Gary: Absolutely. I think more and more you’re going to start seeing as part of any disclosure, every home sold in Texas you have the seller’s disclosure. Often you see, you know, lead-based paint. Well, you’re typically not eating that paint but the fact that it is present, you have to disclose that in older homes.
Charlie: Just like aluminum wiring and asbestos and things like that. Right.
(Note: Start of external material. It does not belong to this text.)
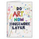Kunstenaars, het is belangrijk om je prioriteiten recht te hebben. Laat deze leuke kaart je eraan herinneren om kunst te maken, het huishouden later. Kunst en design door Victoria Lynn Hall.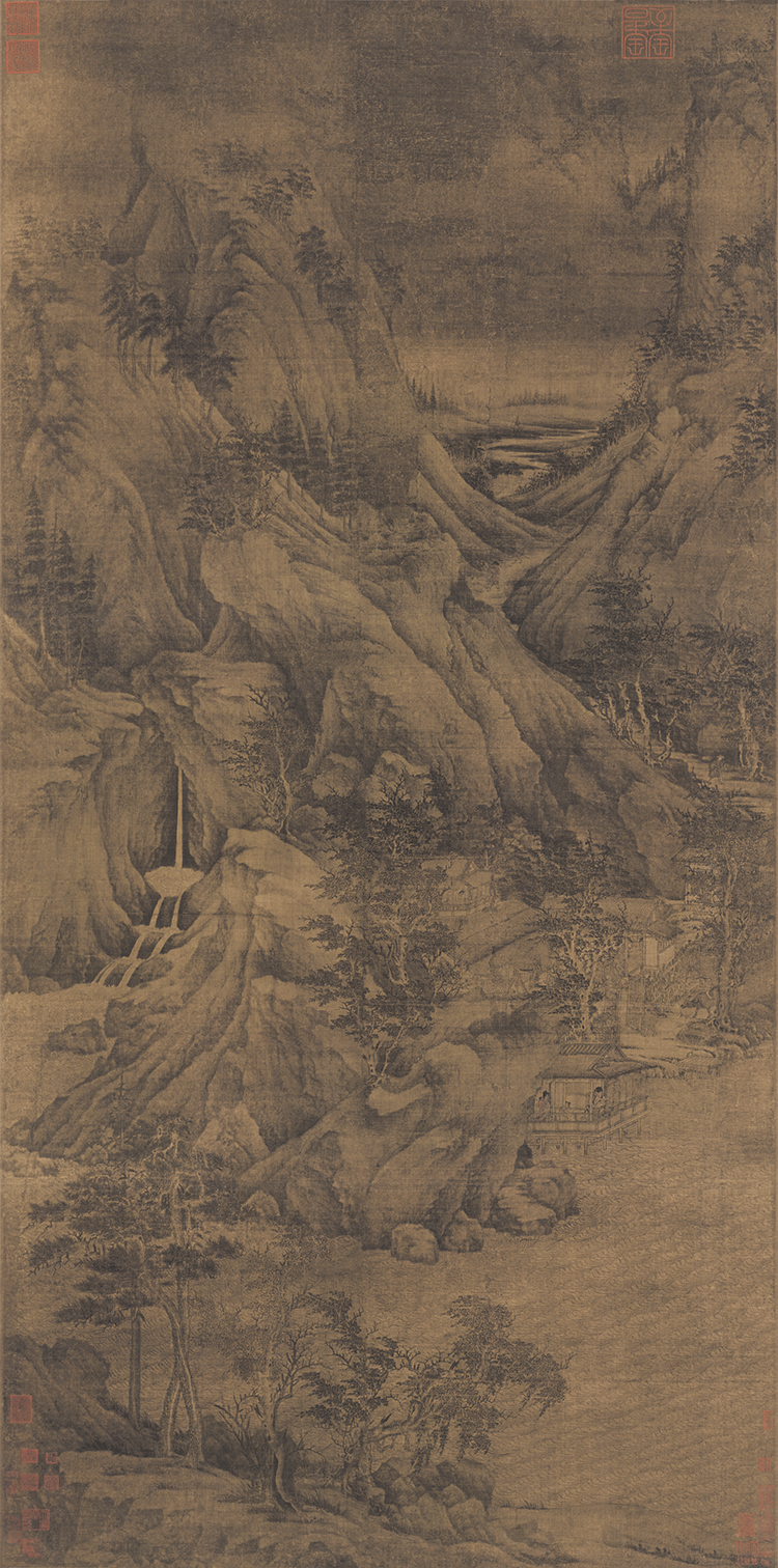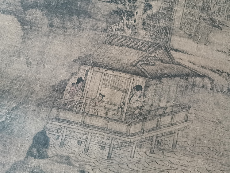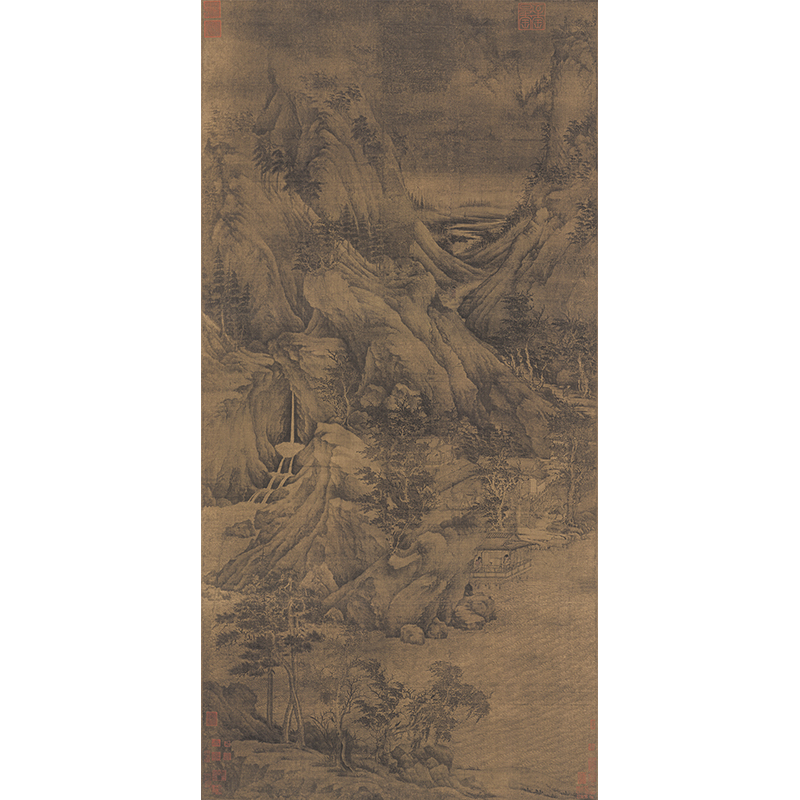 Five Dynasties Dong Yuanxi Shore map Chinese painting Landscape painting Ancient painting replica calligraphy and painting Decorative painting Copy manuscript silk cloth painting

Gary: Absolutely. And I think that’s going to happen on water, and it should. We don’t want to buy a house that you walk into and shortly thereafter have to, you know, go through a process of re-piping or coating in order to drink clean water. Again it’s something you can’t see. Lead is an invisible contaminant. You drink it every day, and you will never know it. But if you knew it, you wouldn’t want to drink it.
Charlie: It has no taste or no odor. In a lot of ways, it’s the carbon monoxide of water.
Charlie: And whether you’re selling the house or you’re buying a house, the fact is you’re going to be drinking the water in that house, so you want to have it checked and, Gary, your LeadSmart program sounds like the smart way to make sure your water is healthy.
Charlie: Gary, thanks so much for your time today.
Gary: Appreciate it, Charlie. Thanks a bunch.